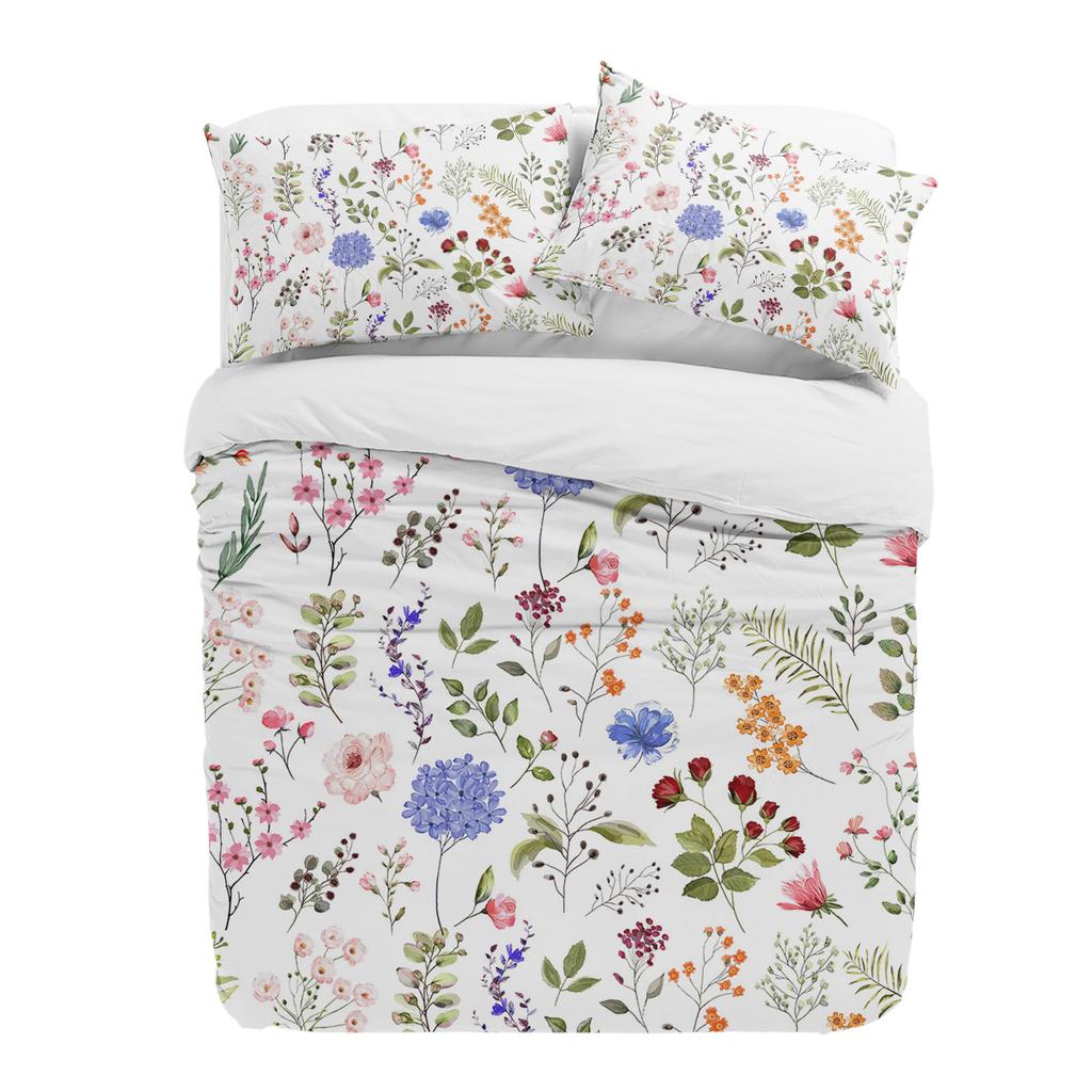 Vintage Ziołowy Kwiatowy Roślinny 3-częściowy Zestaw Pościeli na Łóżko Podwójne Tekstylia Domowe Poszwa na Kołdrę Pokrowiec na Kołdrę Poszewka na Poduszkę
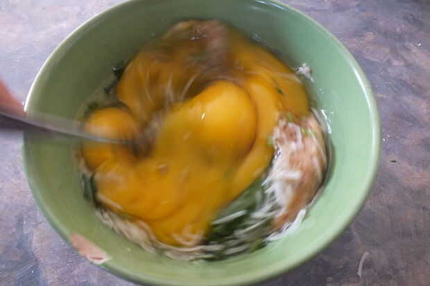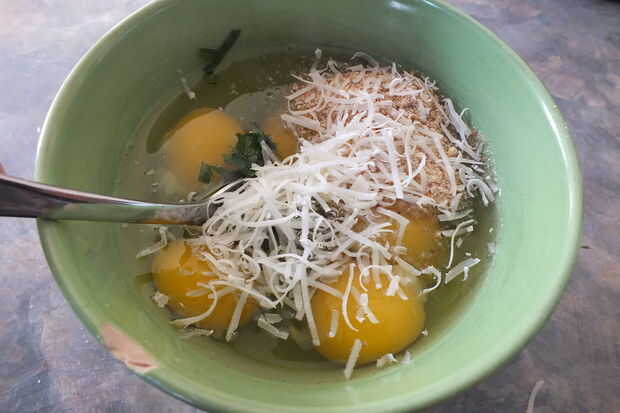 huevos, limón, perejil, pimiento, migas y queso en un bol. Bate hasta que quede bien mezclado.
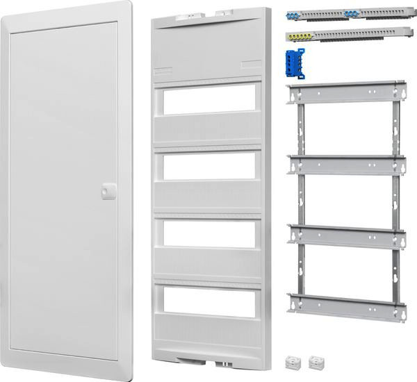 Einbausets mit Steckklemmen,PE 6 x2,5-16 + 21 x1,5-4mm²,N+N 2 x(3 x2,5-16 + 14 x1,4-4mm²),zusätzliche N-FI-Klemme 3 x16,2 x10mm²,TE je 18mm 48,Reihen 4,Einbausets,Schutzisoliert II,Schutzart: IP30,Für Geräte bis 63A,Einfachster Türanschlagwechsel ohne Demontage des Blendrahmens,Flacher Türverschluss mit Schnapptechnik,EinfachesAustauschen gegen ein Schloss,Geeignet für Einbaugeräte bis 70mm Tiefe,Farbton: RAL 9016 (verkehrsweiß),Gebaut nach DIN VDE 0603-1,DIN 43871,Mauerkasten:,MauerkastenAus Kunststoff,Befestigungshaken (HW),Nagellaschen (UP),Putzschutzplatte,Einbauset:,Traggerüst mit Gerätetragschiene,Geräteabdeckung,Blendrahmen mit Volltür und Putzausgleich,N/PE-Steckklemmen,N-FI-Erweiterungsklemme (in 2-,3- und 4-reihigen Verteiler),Stromkreisbeschriftungen und Blatt mit Piktogrammen,
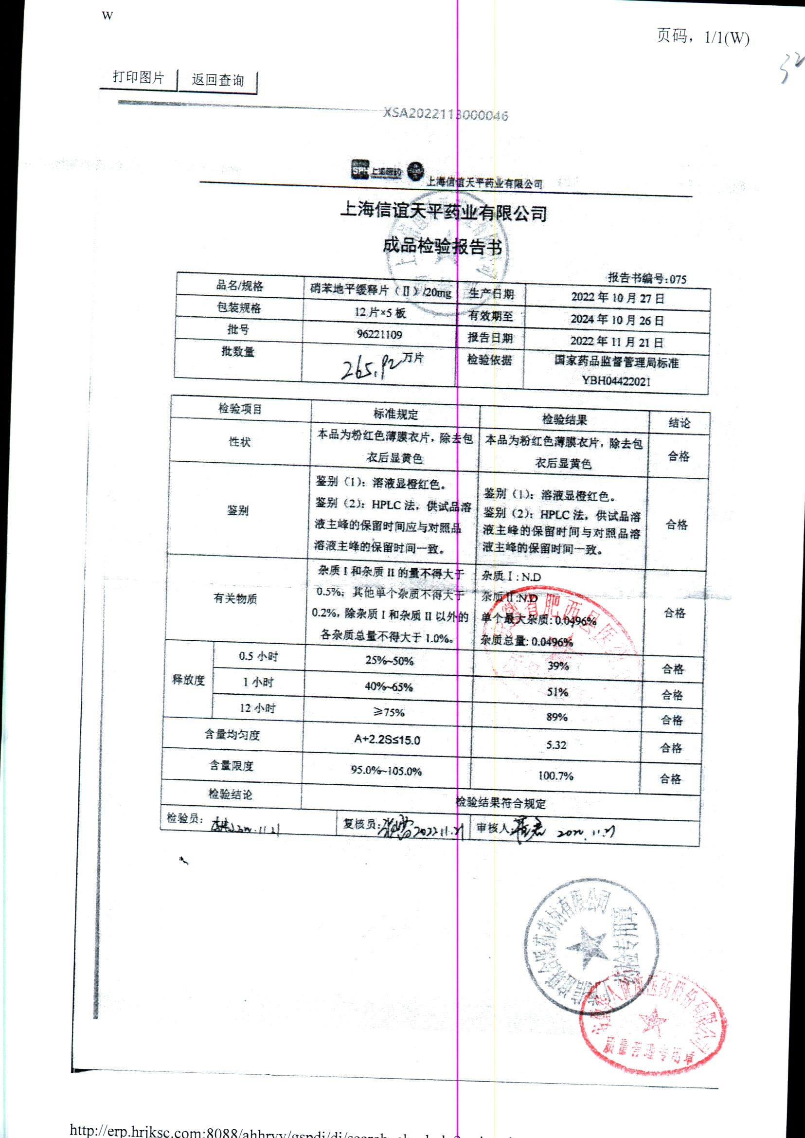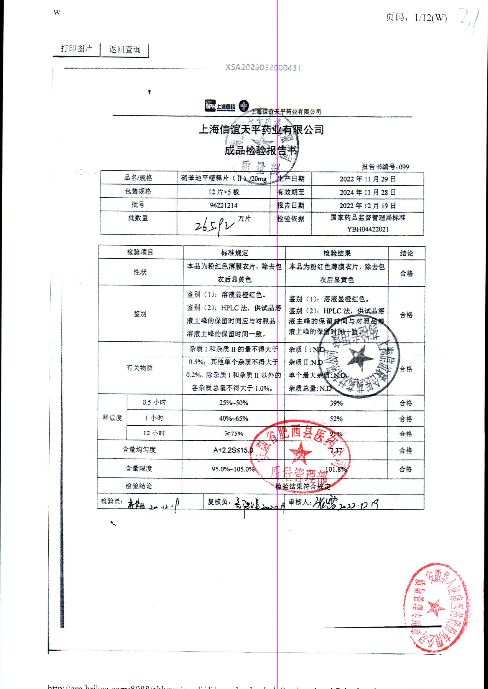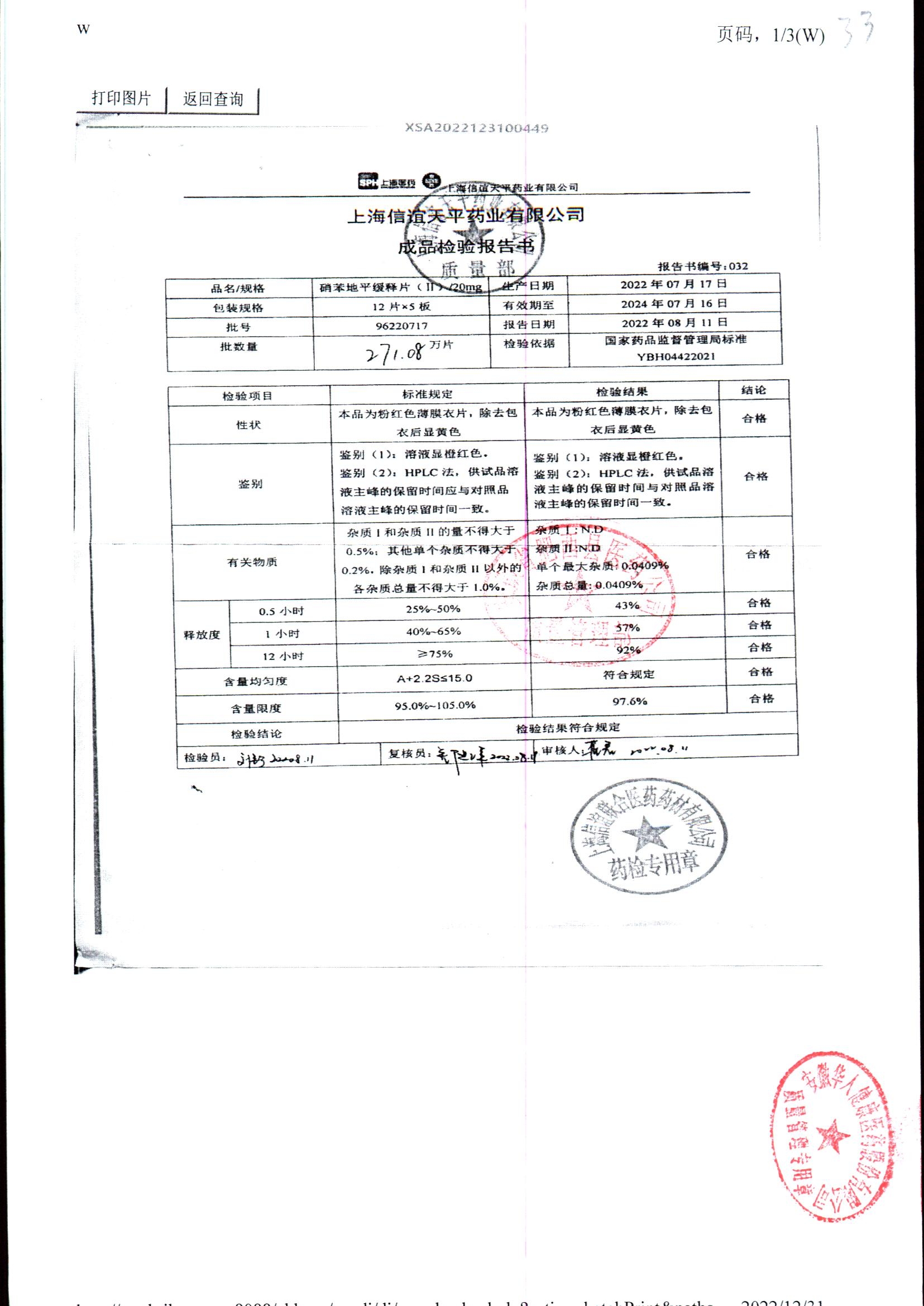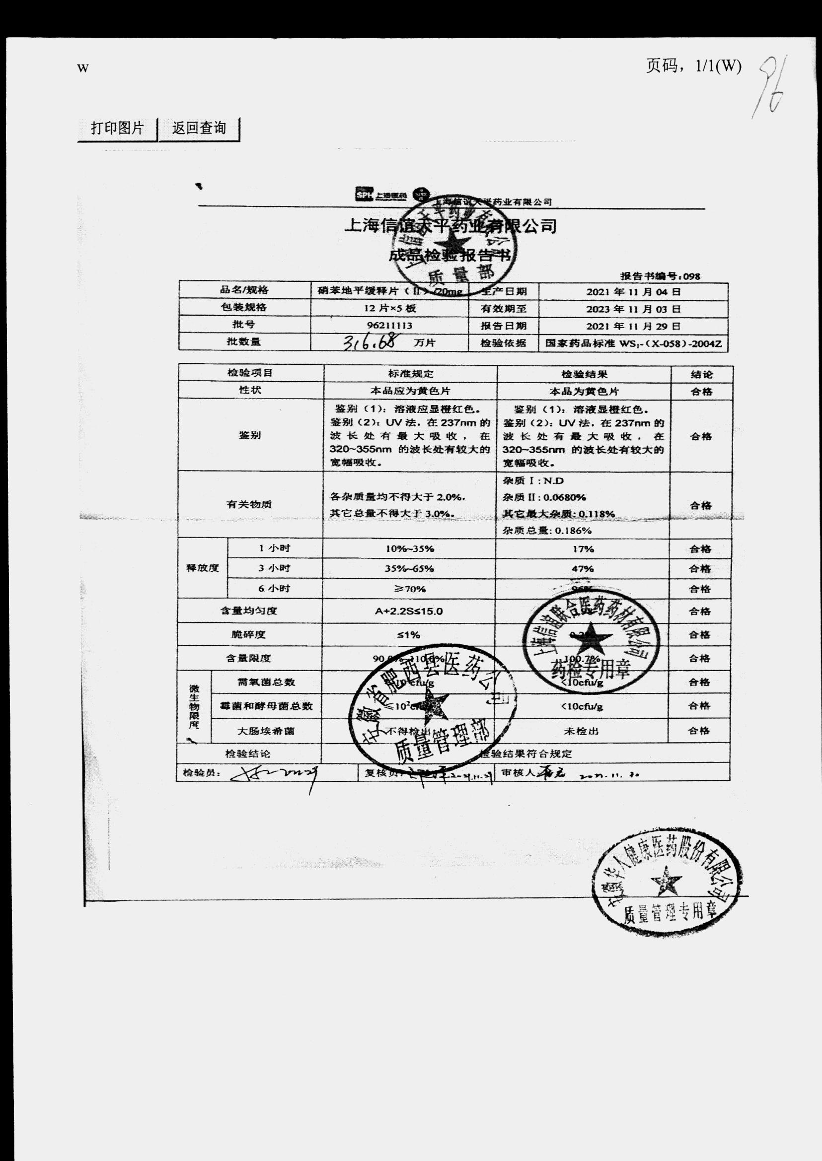 | 硝苯地平緩釋片 | 60s | 96220902/3 | 查看詳情 |
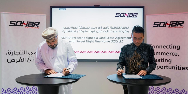 وقّع ميناء صحار والمنطقة الحرة على اتفاقية تأجير أرض مع شركة سويت نايت فاين هوم لإنشاء مصنع لإنتاج المراتب في المنطقة الحرة بصحار.
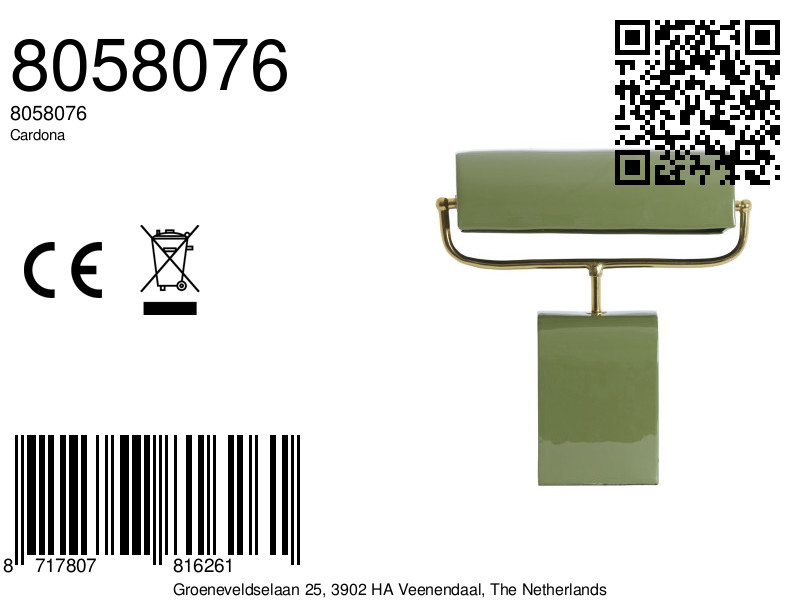De Cardona tafellamp in lichtgroen met goud is een speels en stijlvol ontwerp. De retro look in combinatie met de frisse kleur maakt hem tot een echte blikvanger. De gouden details geven hem een luxe uitstraling. Ideaal als bureaulamp of als vrolijk accent in de woonkamer.De lamp is 38 cm hoog en meet 35 bij 15,5 cm. Hij is gemaakt van metaal en heeft een E27 fitting. De lamp wordt geleverd zonder lichtbron zodat je zelf de lichtkleur en sterkte kunt bepalen. Hij is dimbaar in combinatie met een 4-staps lichtbron en snoerschakelaar. De bediening gaat via de schakelaar in het snoer. Met de IP20 classificatie is hij geschikt voor binnengebruik. Inclusief snoer en 2 jaar garantie.
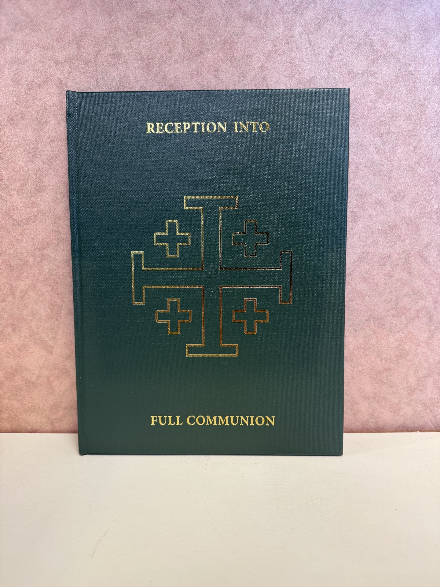 Handsomely bound in green imitation leather. Front cover is stamped in gold with a 4" Jerusalem cross.
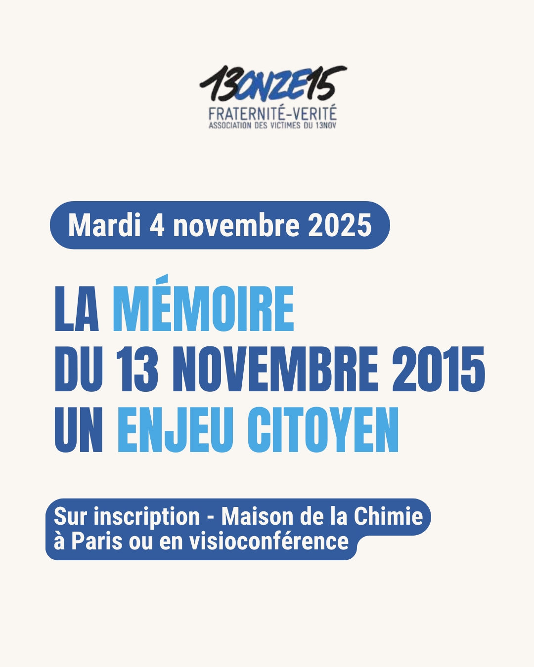 Dix ans après les attentats du 13 novembre 2015 à Paris et Saint-Denis, l’association 13onze15 – Fraternité et Vérité organise une journée exceptionnelle rythmées par 3 tables rondes le mardi 4 novembre 2025, de 9h à 19h, à la Maison de la Chimie à Paris (également en visioconférence). Cet événement vise à comprendre les causes de ces attaques, à réfléchir sur leurs conséquences et à défendre le devoir de mémoire dans une démarche citoyenne.

Problem statement:
Start at the line above containing "Einbausets mit Steckklemmen,PE" and stop at the line containing "وقّع ميناء صحار": print those lines and everything between them exactly, but not the pictures.

Completed task:
 Einbausets mit Steckklemmen,PE 6 x2,5-16 + 21 x1,5-4mm²,N+N 2 x(3 x2,5-16 + 14 x1,4-4mm²),zusätzliche N-FI-Klemme 3 x16,2 x10mm²,TE je 18mm 48,Reihen 4,Einbausets,Schutzisoliert II,Schutzart: IP30,Für Geräte bis 63A,Einfachster Türanschlagwechsel ohne Demontage des Blendrahmens,Flacher Türverschluss mit Schnapptechnik,EinfachesAustauschen gegen ein Schloss,Geeignet für Einbaugeräte bis 70mm Tiefe,Farbton: RAL 9016 (verkehrsweiß),Gebaut nach DIN VDE 0603-1,DIN 43871,Mauerkasten:,MauerkastenAus Kunststoff,Befestigungshaken (HW),Nagellaschen (UP),Putzschutzplatte,Einbauset:,Traggerüst mit Gerätetragschiene,Geräteabdeckung,Blendrahmen mit Volltür und Putzausgleich,N/PE-Steckklemmen,N-FI-Erweiterungsklemme (in 2-,3- und 4-reihigen Verteiler),Stromkreisbeschriftungen und Blatt mit Piktogrammen,
 | 硝苯地平緩釋片 | 60s | 96220902/3 | 查看詳情 |
 وقّع ميناء صحار والمنطقة الحرة على اتفاقية تأجير أرض مع شركة سويت نايت فاين هوم لإنشاء مصنع لإنتاج المراتب في المنطقة الحرة بصحار.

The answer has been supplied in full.